## Records for the exercise
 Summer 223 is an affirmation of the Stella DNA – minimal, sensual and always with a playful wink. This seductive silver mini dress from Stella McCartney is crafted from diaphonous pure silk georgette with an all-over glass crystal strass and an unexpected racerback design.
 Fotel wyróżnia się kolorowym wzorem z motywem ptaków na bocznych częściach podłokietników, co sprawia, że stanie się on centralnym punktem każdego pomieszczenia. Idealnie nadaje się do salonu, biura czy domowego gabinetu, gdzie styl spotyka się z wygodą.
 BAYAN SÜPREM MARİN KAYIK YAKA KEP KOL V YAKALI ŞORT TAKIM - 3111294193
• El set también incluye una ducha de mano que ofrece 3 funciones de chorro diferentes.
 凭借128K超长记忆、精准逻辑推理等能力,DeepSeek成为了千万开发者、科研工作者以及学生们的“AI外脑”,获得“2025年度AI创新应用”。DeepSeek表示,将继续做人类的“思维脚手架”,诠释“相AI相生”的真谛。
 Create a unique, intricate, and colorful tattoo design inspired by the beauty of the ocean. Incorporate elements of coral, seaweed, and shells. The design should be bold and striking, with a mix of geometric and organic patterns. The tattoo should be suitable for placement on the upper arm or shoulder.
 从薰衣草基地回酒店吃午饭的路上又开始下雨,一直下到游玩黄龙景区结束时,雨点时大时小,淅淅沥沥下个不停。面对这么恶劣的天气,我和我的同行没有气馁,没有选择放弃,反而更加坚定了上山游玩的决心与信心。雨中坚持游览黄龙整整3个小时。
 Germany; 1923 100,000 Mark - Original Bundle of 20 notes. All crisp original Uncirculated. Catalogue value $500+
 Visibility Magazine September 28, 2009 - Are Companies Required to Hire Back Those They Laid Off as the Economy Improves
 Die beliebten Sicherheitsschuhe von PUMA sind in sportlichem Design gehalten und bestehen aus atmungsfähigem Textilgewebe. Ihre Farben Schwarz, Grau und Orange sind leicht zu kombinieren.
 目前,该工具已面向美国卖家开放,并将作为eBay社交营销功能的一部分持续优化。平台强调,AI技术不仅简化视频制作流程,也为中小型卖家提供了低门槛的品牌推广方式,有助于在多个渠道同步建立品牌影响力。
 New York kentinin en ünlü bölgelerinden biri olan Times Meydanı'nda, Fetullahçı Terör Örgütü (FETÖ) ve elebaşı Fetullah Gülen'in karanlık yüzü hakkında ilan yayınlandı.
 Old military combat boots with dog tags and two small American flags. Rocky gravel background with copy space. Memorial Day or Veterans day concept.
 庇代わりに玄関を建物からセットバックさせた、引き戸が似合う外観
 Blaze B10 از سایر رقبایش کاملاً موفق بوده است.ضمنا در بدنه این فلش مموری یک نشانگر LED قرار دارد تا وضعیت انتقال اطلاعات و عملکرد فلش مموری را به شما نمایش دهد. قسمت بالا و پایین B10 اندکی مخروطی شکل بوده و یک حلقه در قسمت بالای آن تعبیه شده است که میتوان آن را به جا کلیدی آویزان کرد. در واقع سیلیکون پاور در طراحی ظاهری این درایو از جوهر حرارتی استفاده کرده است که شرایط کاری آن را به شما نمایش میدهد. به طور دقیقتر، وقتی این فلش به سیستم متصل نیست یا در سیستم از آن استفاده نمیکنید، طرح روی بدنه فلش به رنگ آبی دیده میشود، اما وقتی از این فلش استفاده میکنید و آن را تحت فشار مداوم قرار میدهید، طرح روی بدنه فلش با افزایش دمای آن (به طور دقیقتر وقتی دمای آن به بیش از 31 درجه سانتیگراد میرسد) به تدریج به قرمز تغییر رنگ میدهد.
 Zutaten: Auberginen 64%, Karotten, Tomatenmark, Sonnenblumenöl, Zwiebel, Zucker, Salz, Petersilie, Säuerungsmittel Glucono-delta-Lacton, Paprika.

## Try it
Could every record be printed again exactly as it reads?

## Solution to this task
 Summer 223 is an affirmation of the Stella DNA – minimal, sensual and always with a playful wink. This seductive silver mini dress from Stella McCartney is crafted from diaphonous pure silk georgette with an all-over glass crystal strass and an unexpected racerback design.
 Fotel wyróżnia się kolorowym wzorem z motywem ptaków na bocznych częściach podłokietników, co sprawia, że stanie się on centralnym punktem każdego pomieszczenia. Idealnie nadaje się do salonu, biura czy domowego gabinetu, gdzie styl spotyka się z wygodą.
 BAYAN SÜPREM MARİN KAYIK YAKA KEP KOL V YAKALI ŞORT TAKIM - 3111294193
• El set también incluye una ducha de mano que ofrece 3 funciones de chorro diferentes.
 凭借128K超长记忆、精准逻辑推理等能力,DeepSeek成为了千万开发者、科研工作者以及学生们的“AI外脑”,获得“2025年度AI创新应用”。DeepSeek表示,将继续做人类的“思维脚手架”,诠释“相AI相生”的真谛。
 Create a unique, intricate, and colorful tattoo design inspired by the beauty of the ocean. Incorporate elements of coral, seaweed, and shells. The design should be bold and striking, with a mix of geometric and organic patterns. The tattoo should be suitable for placement on the upper arm or shoulder.
 从薰衣草基地回酒店吃午饭的路上又开始下雨,一直下到游玩黄龙景区结束时,雨点时大时小,淅淅沥沥下个不停。面对这么恶劣的天气,我和我的同行没有气馁,没有选择放弃,反而更加坚定了上山游玩的决心与信心。雨中坚持游览黄龙整整3个小时。
 Germany; 1923 100,000 Mark - Original Bundle of 20 notes. All crisp original Uncirculated. Catalogue value $500+
 Visibility Magazine September 28, 2009 - Are Companies Required to Hire Back Those They Laid Off as the Economy Improves
 Die beliebten Sicherheitsschuhe von PUMA sind in sportlichem Design gehalten und bestehen aus atmungsfähigem Textilgewebe. Ihre Farben Schwarz, Grau und Orange sind leicht zu kombinieren.
 目前,该工具已面向美国卖家开放,并将作为eBay社交营销功能的一部分持续优化。平台强调,AI技术不仅简化视频制作流程,也为中小型卖家提供了低门槛的品牌推广方式,有助于在多个渠道同步建立品牌影响力。
 New York kentinin en ünlü bölgelerinden biri olan Times Meydanı'nda, Fetullahçı Terör Örgütü (FETÖ) ve elebaşı Fetullah Gülen'in karanlık yüzü hakkında ilan yayınlandı.
 Old military combat boots with dog tags and two small American flags. Rocky gravel background with copy space. Memorial Day or Veterans day concept.
 庇代わりに玄関を建物からセットバックさせた、引き戸が似合う外観
 Blaze B10 از سایر رقبایش کاملاً موفق بوده است.ضمنا در بدنه این فلش مموری یک نشانگر LED قرار دارد تا وضعیت انتقال اطلاعات و عملکرد فلش مموری را به شما نمایش دهد. قسمت بالا و پایین B10 اندکی مخروطی شکل بوده و یک حلقه در قسمت بالای آن تعبیه شده است که میتوان آن را به جا کلیدی آویزان کرد. در واقع سیلیکون پاور در طراحی ظاهری این درایو از جوهر حرارتی استفاده کرده است که شرایط کاری آن را به شما نمایش میدهد. به طور دقیقتر، وقتی این فلش به سیستم متصل نیست یا در سیستم از آن استفاده نمیکنید، طرح روی بدنه فلش به رنگ آبی دیده میشود، اما وقتی از این فلش استفاده میکنید و آن را تحت فشار مداوم قرار میدهید، طرح روی بدنه فلش با افزایش دمای آن (به طور دقیقتر وقتی دمای آن به بیش از 31 درجه سانتیگراد میرسد) به تدریج به قرمز تغییر رنگ میدهد.
 Zutaten: Auberginen 64%, Karotten, Tomatenmark, Sonnenblumenöl, Zwiebel, Zucker, Salz, Petersilie, Säuerungsmittel Glucono-delta-Lacton, Paprika.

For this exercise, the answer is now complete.